In an action to recover damages for personal injuries, etc., the defendant New York City Transit Authority appeals from an order of the Supreme Court, Kings County (Baynes, J.), dated January 10, 2014, which denied its motion for summary judgment dismissing the complaint insofar as asserted against it.

ORDERED that the order is modified, on the law, by deleting the provision thereof denying that branch of the motion of the defendant New York City Transit Authority which was for summary judgment dismissing so much of the complaint as alleged that it was vicariously liable for the alleged conduct of the defendant Said Clay, and substituting therefor a provision granting that branch of the motion; as so modified, the order is affirmed, without costs or disbursements.

The plaintiff's child allegedly was assaulted by the defendant Said Clay, an employee of the defendant New York City Transit Authority (hereinafter the NYCTA), during the course of the child's participation in the NYCTA's community service program. Among other things, the complaint alleged that the NYCTA was negligent in training, hiring, and supervising Clay, and negligent in supervising the plaintiff's child while she was in the program. The Supreme Court denied the NYCTA's motion for summary judgment dismissing the complaint insofar as asserted against it, and the NYCTA appeals.

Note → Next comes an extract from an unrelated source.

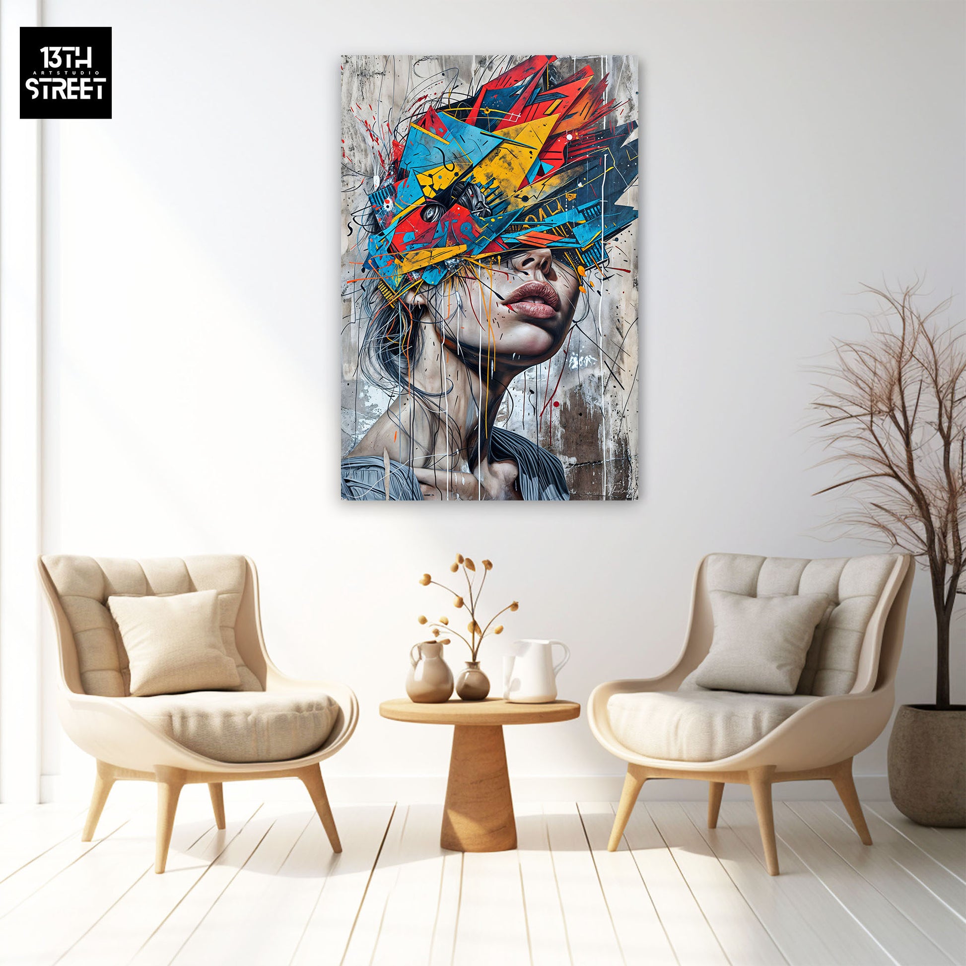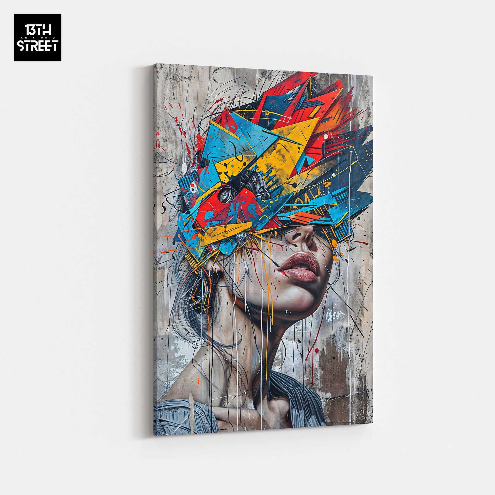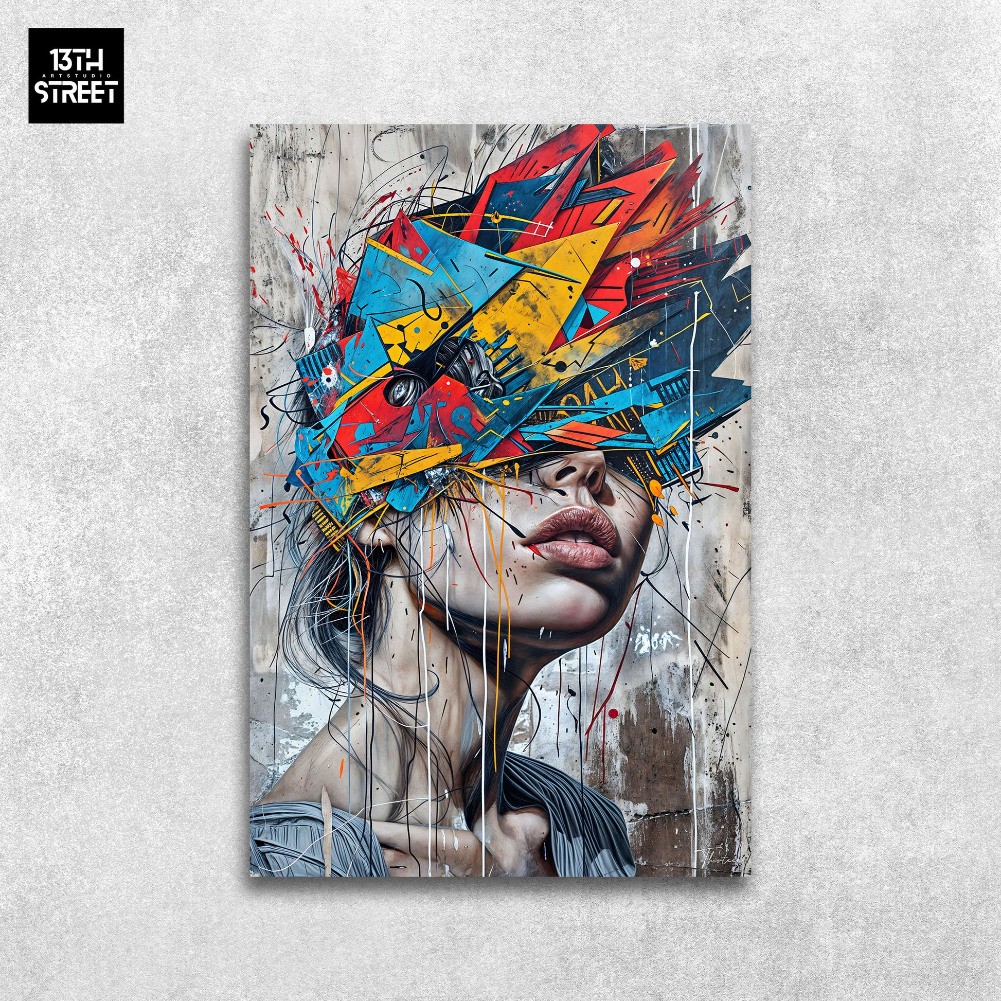 Discover " Vibration of Spirit " by artist Thirteen . This striking portrait reveals a woman whose expression and colors seem to resonate like a visual melody, capturing the essence and depth of her spirit. "Vibration of Spirit" is an Artwork that infuses your space with spiritual energy and emotional intensity. Immerse yourself in the captivating world of Thirteen, supported by the artistic community 13th Street Art . Transform your home with this work that invites you to explore the subtle vibrations of thought and the nuances of femininity.

“Under the doctrine of respondeat superior, an employer may be vicariously liable for the tortious acts of its employees only if those acts were committed in furtherance of the employer's business and within the scope of employment” ( N.X. v. Cabrini Med. Ctr., 97 N.Y.2d 247, 251, 739 N.Y.S.2d 348, 765 N.E.2d 844; see Adams v. New York City Tr. Auth., 88 N.Y.2d 116, 119, 643 N.Y.S.2d 511, 666 N.E.2d 216). Here, the evidence submitted by the NYCTA demonstrated that Clay's conduct clearly was not in furtherance of the NYCTA's business and was a departure from the scope of his employment, having been committed for wholly personal motives (...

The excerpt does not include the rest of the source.